“Lord Vicar, your attention, please.”
Vicar Phaero had at last found a comfortable position. He had been raised as a scholar, the eighth son of a minor aristocratic family. His father used the larger part of the family treasury to buy the eldest son an officer’s badge back in their home city of Meidin. The next largest part had gone toward buying a deaconship for the second eldest son.
“Lord Vicar, about the well.”
Sons three through seven had been appointed to lower and lower positions in local bureaucracy, to better aid their elders.
“Lord Vicar, please pray to God on my son’s behalf.”
He, lowly son number eight, was born late enough that he didn’t have a nice position lined up for him, and early enough that he didn’t get spoiled with his elder brothers’ considerable incomes.
“Lord Vicar, I am innocent!”
So he was shunted off into the lower rung of academies, reading ancient texts in a dark and musty room where the spiders paid more attention in class than the students.
But he was clever, oh yes he was.
“Lord Vicar, the total comes to eighty sheep, thirty bulls, ninety sows, forty-”
Phaero knew there was always a place for someone like him: well-bred, elegant, knowledgeable, and willing to degrade himself for the rude rich. When the banker’s son needed a tutor, he didn’t just teach, he fawned and praised, and by the end of the term that dullard was convinced he had a nose for real scholarship.
“Lord Vicar, my crops are withering!”
It was all too easy to draw money out of such people. After just a decade of hard work, he bought himself a priesthood out in a little village.
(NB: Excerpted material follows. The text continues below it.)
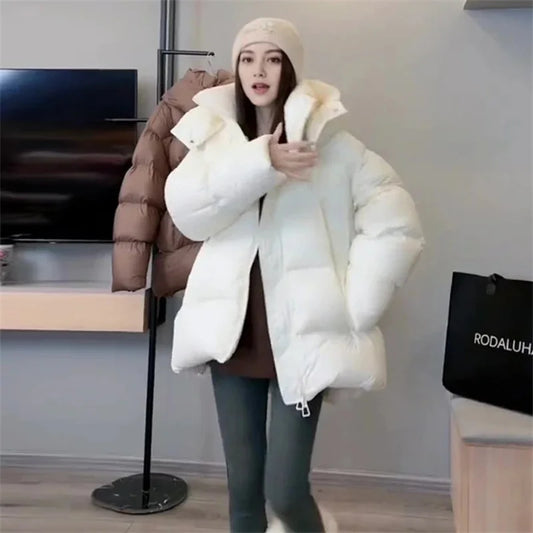 Women Oversized Hooded Parka Thick Winter Coat Outerwear Warm Soft Kawaii Style Long Sleeve Bomber Jacket

And there again he found easy marks all too willing to exchange wealth and influence for a well-spoken lackey.
“Lord Vicar, I would be most honored if you would attend my son’s communion.”
When a baron’s drunkard son needed to explain away his indiscretions to his lady mother, who came to his aid? Phaero did. When the local toughs needed their debtors to pay, who had a sermon about despising money at the ready? Phaero once again. He rose through the ranks, moving from place to place and reestablishing his real craft at higher and higher positions, until he bought himself a vicariate in the little walled city of Beroli.
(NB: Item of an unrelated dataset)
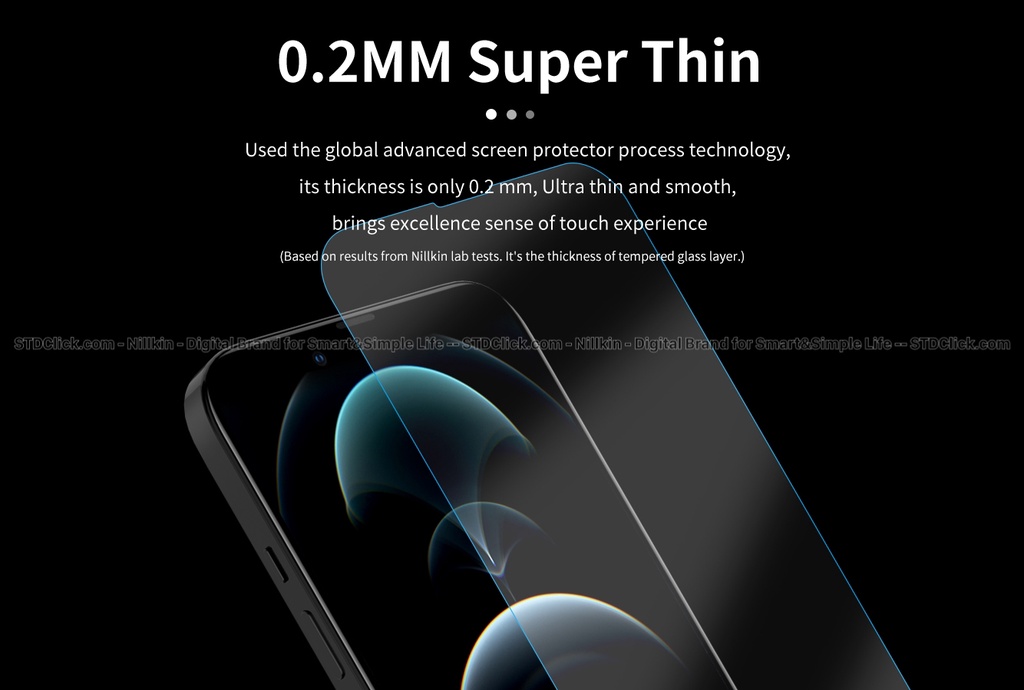 KÍNH CƯỜNG LỰC IPHONE 14 PLUS - 14 NILLKIN H+PRO 0.2mm 2.5D CHÍNH HÃNG Sử dụng công nghệ kính bảo vệ màn hình tiên tiến, độ dày của nó chỉ 0.2 mm với công nghệ cắt CNC chính xác. Bo cong 2.5D thủ công mang lại cảm giác êm ái, trơn tru khi sử dụng, thiết kế mỏng hơn, trong suốt hơn.

“Lord Vicar, please cure my mother of the plague!”
After decades, he finally found a level that was just right. Beroli was large and wealthy enough that when people came to mass they wore nice, clean clothes and put coins on the collection plate instead of dead birds. It was small and poor enough that the great powers conspiring in high towers extracted tribute from it and otherwise left it well alone. It was close enough to the grand city of Anthusa, on the road to the Holy City, that there was a never ending stream of pilgrims to bilk and starving artisans to shelter. It was far enough from either city that, when the odd civil war erupted, it was out of range of most fighting, and, best of all, it was located in an area of minimal strategic importance.
“Lord Vicar, about the plague.”
It was good, easy living being second-in-command of Beroli. All the real responsibility floated up to the Count, who was experienced, well-liked, healthy, just corrupt enough, and conveniently middle-aged. The day he first sank into his new office chair, Vicar Phaero was already planning out the rest of his life. A few more decades of comfortable service to the church, then he’d buy an abbott’s seat in a relaxing monastery to live out his twilight years.
“Lord Vicar…”
It was the perfect plan.
“Lord Vicar, please!”
He raised his hand sagely, and the farmers in front of him quieted down, averting their gaze.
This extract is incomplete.